Ариша называет ее Леночкой. Иначе ее и трудно называть — слишком уж похожа она на ребенка. Мы разговорились. Есть у нее девочка восьми месяцев, муж на флоте в Тихом океане, а живет она со свекровью. На мои вопросы отвечает смущаясь, с беспричинной улыбкой.

Начинают приходить больные. В это утро у нас побывали кладовщик Елагин, туберкулезный мужчина со впалой грудью и маленькими глазами цвета дождевых облаков, женщина с мальчиком, который подавился рыбной костью, и старик Окоемов — высокий, негнущийся, в серых валенках и желтом полушубке.

«Еще один Окоемов» — удивляюсь я. Он жалуется на ломоту в пояснице и вопрошает, растягивая слова:

— Зачем живу — сам не знаю. От меня и толку-то никакого нету. На той неделе, слышал я, академик помер. Фамилии я не упомнил… Какой же это порядок? Ему бы жить да жить, а мне — пора на спокой.

— Разве жить не хочется?

— Без малого уж расхотелось. Старуха все копит, копит. Сам посуди. В праздник на шкалик — и то копейки не выпросишь. А мне зачем копить? На тот свет рукавиц и то не надо…

Выясняется, что жена его — та самая колдунья, о которой мне рассказывала Надя.

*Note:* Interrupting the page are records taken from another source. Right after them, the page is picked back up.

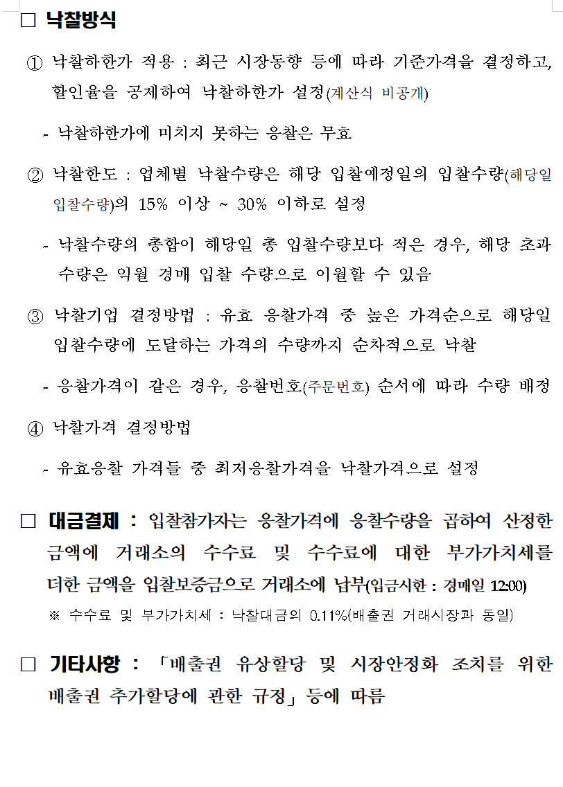 □ 입찰방식 : 한국거래소 배출권 거래시장
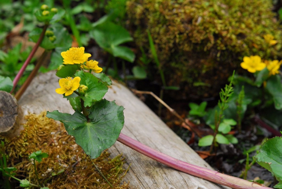北海道~本州の山地の湿地や渓流沿いに群落をつくる多年草です。茎は直立せず50cmほども横に這って、その先に花をつけるのが特徴です。株を中心に四方に伸び広がる茎をサルの腕に見立てて「猿猴草」と書きます。
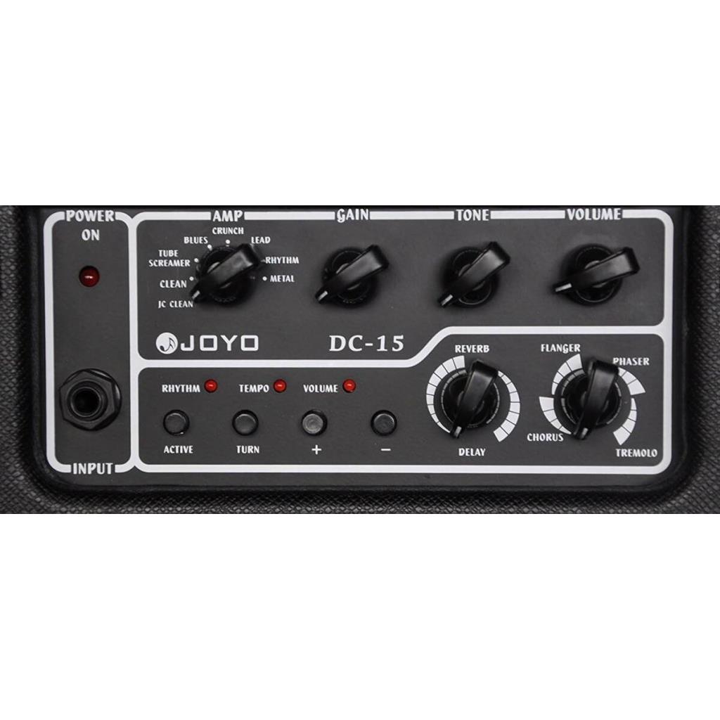 Joyo DC-15 - rewelacyjne combo gitarowe firmy Joyo, z wbudowanymi cyfrowymi efektami i rytmami. Przeznaczone zarówno dla początkujących gitarzystów jak i zaawansowanych, do ćwiczenia w domu i do gry na scenie. Jego zalety to bardzo małe wymiary, niska waga i niewiarygodnie znakomite brzmienie.
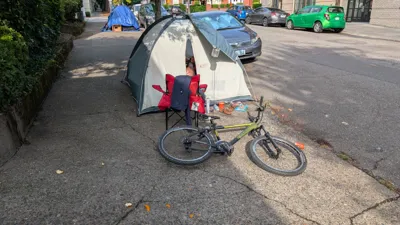 Tented camp with trash blocking sidewalk reported at 9:17 am, 24 August 2025 near
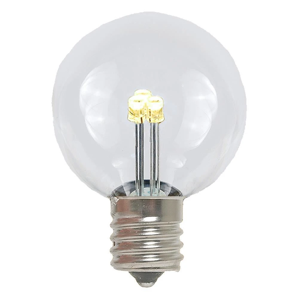 Novelty Lights, Inc. manufactures these durable and heavy duty commercial grade light sets which come with 100 candelabra base sockets spaced 12″ apart on White 16 gauge SPT-2 wire with 100 LED G30 Warm White Bulbs. Using only .50 watt per bulb, these LED G30 bulbs will give you years of beautiful, warm light. This set is not connectable end to end with 100′ on one plug. These strings are perfect for an outdoor patio, special event, restuarant, and Christmas lighting decoration. Each string comes ready to plug in; all you need to do is screw in the light bulbs. Each socket is made of PVC material to create a water tight seal around the globe bulb for extra protection against weathering.
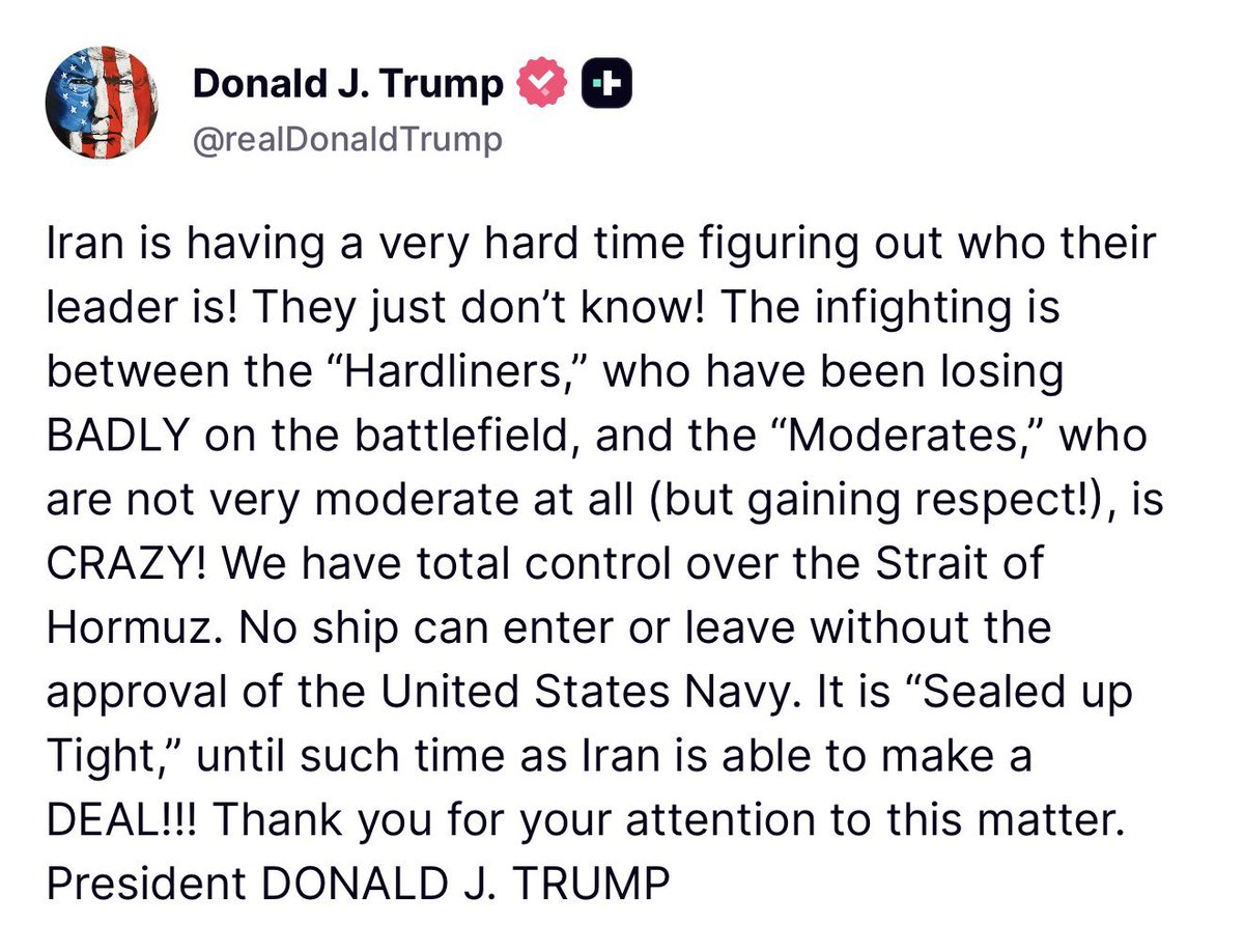 TRUMP: “Iran is having a very hard time figuring out who their leader is! They just don't know! The infighting is between the "Hardliners," who have been losing BADLY on the battlefield, and the "Moderates," who are not very moderate at all (but gaining respect!), is CRAZY! We
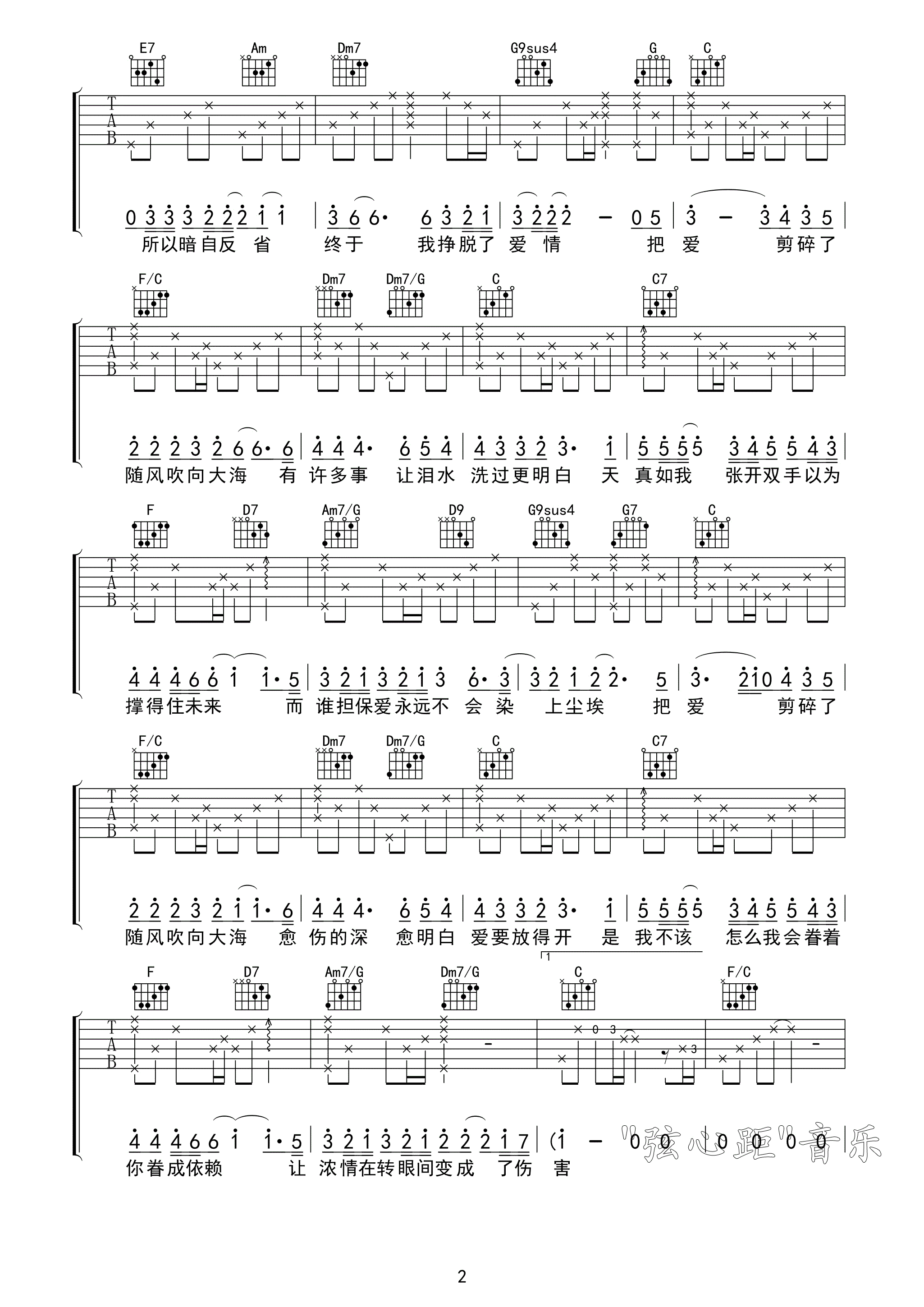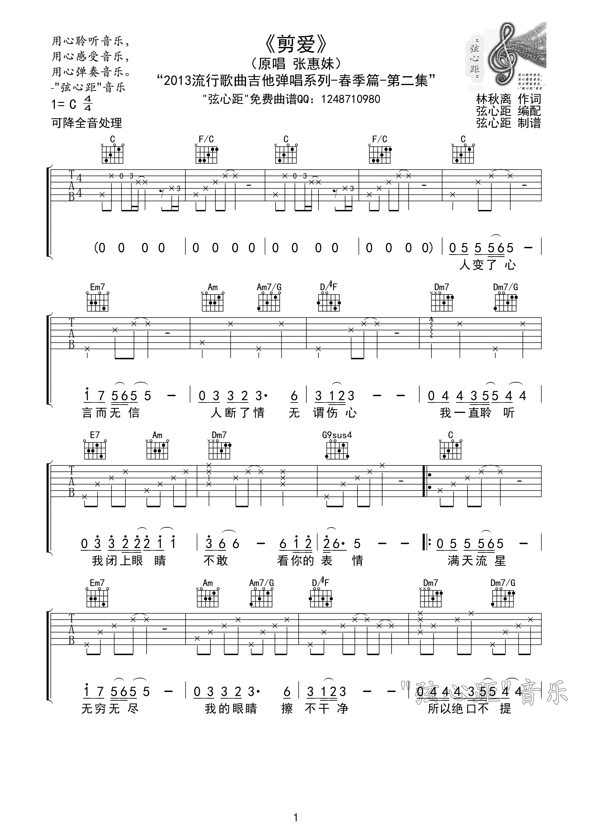 曲谱介绍: 张惠妹《剪爱》吉他弹唱谱,采用C调指法编配,弦心距编配出品,共有3张高清图谱。

— Собираюсь к внуку перебраться. Хочу напоследок пожить, как душе угодно, — кряхтит он.

— А где работает ваш внук?

— Так он был у вас. Который руку-то покалечил. Не повезло парню. Без руки ему как? Он дом ставит. Жениться, вишь, задумал. Надюшку Невьянову будет сватать. Ладная девка. Одно досада — с домом парень запутался. Людей добрых насмешил…

— Как так?

— Да не по-мужицки затеял, с этим самым меженином.

— Мезонином?

— Ну да. И опять же плюгером… Ему бы это ни к чему. Все для нее. А она что? Самая что ни на есть наша, деревенская, без выдумок. Он свое: «Она у меня, как королева, будет жить».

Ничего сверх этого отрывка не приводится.